Clinical impact of the increased expression of PLK1 and MISP in predicting the survival of iCCA patients
Next, we evaluated the impact of PLK1 and MISP expression on iCCA progression using patient specimens (Fig. 2A). The expression levels of PLK1 and MISP were increased in iCCA patients with late-stage disease (stage III and stage IV) compared to those with early-stage disease (stage I and stage II; Fig. 2B, C). iCCA patients who underwent hepatectomy with high expression of MISP and PLK1 had inferior OS and DFS compared with those with low expression (Fig. 2D–F and Supplementary Fig. 2). Regarding clinicpathological parameters, the increased expression of MISP or PLK1 was significantly correlated with tumor number, N stage, and lymphatic invasion (Table 1), indicating that its impact on iCCA progression and high expression of PLK1 and MISP could be used to predict the survival of iCCA patients.

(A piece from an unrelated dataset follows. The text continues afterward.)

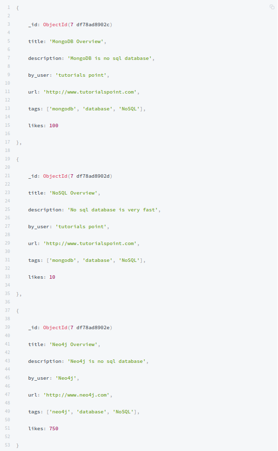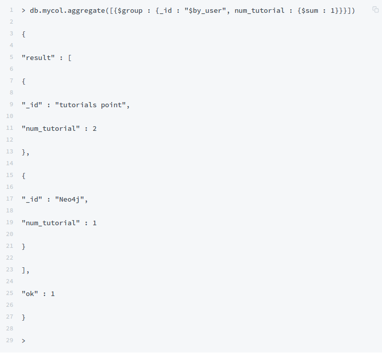 Từ Collection trên, nếu bạn muốn hiển thị một danh sách có bao nhiêu bài hướng dẫn được viết bởi mỗi người dùng, thì bạn sẽ sử dụng phương thức aggregate() như sau: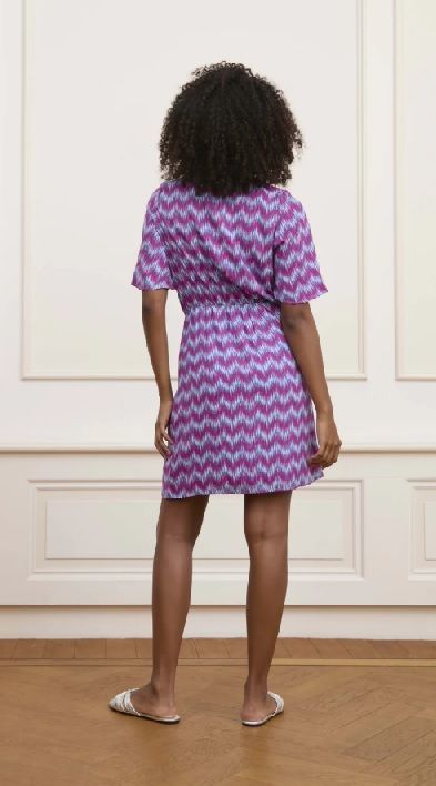 Materiaal: 100% polyesterModel en fit: Het model is 1.74m en draagt maat S. De maat valt normaaLengte jurk: 92 cm bij maat S Jurk Nisha is een gekleurde korte overslagjurk met een mix van paars en blauw als print. De wrap dress heeft een V-hals, korte mouwen en elastiek in de taille. Aan de linker draagkant zit een sierstrik. De gekleurde jurk heeft een losvallende pasvorm.

MISP and PLK1 mediate translymphatic endothelial migration in iCCA cells
To confirm the clinicopathological correlation between increased PLK1/MISP expression and N stage/lymphatic invasion, we investigated whether PLK1 or MISP regulated lymphatic invasion using a translymphatic endothelial migration assay [45]. Knockdown of PLK1 or MISP by shRNAs in iCCA cells decreased the number of iCCA cells that migrated through a human lymphatic monolayer (Fig. 3A–D). Furthermore, we generated four sublines (HuCCT1-N1, HuCCT1-N2, HuCCT1-N3, and HuCCT1-N4) from four rounds of selection procedures in vitro (Fig. 3E). The lymphatic invasion ability of parental cells (HuCCT1) and the invasive sublines (HuCCT1-N1, HuCCT1-N2, HuCCT1-N3, and HuCCT1-N4) was confirmed by a translymphatic endothelial migration assay (Fig. 3F). PLK1 phosphorylation, PLK1 expression and MISP expression were upregulated in the HuCCT1-N3 and HuCCT1-N4 sublines (Fig. 3G). To further confirm the effect of PLK1 and MISP on migratory function, PLK1 or MISP was depleted in the HuCCT1-N4 subline (Fig. 3H). The knockdown of PLK1 or MISP reduced the translymphatic endothelial migration ability (Fig. 3I, J), suggesting that PLK1 or MISP expression mediated the lymphatic invasion ability of HuCCT1 cells.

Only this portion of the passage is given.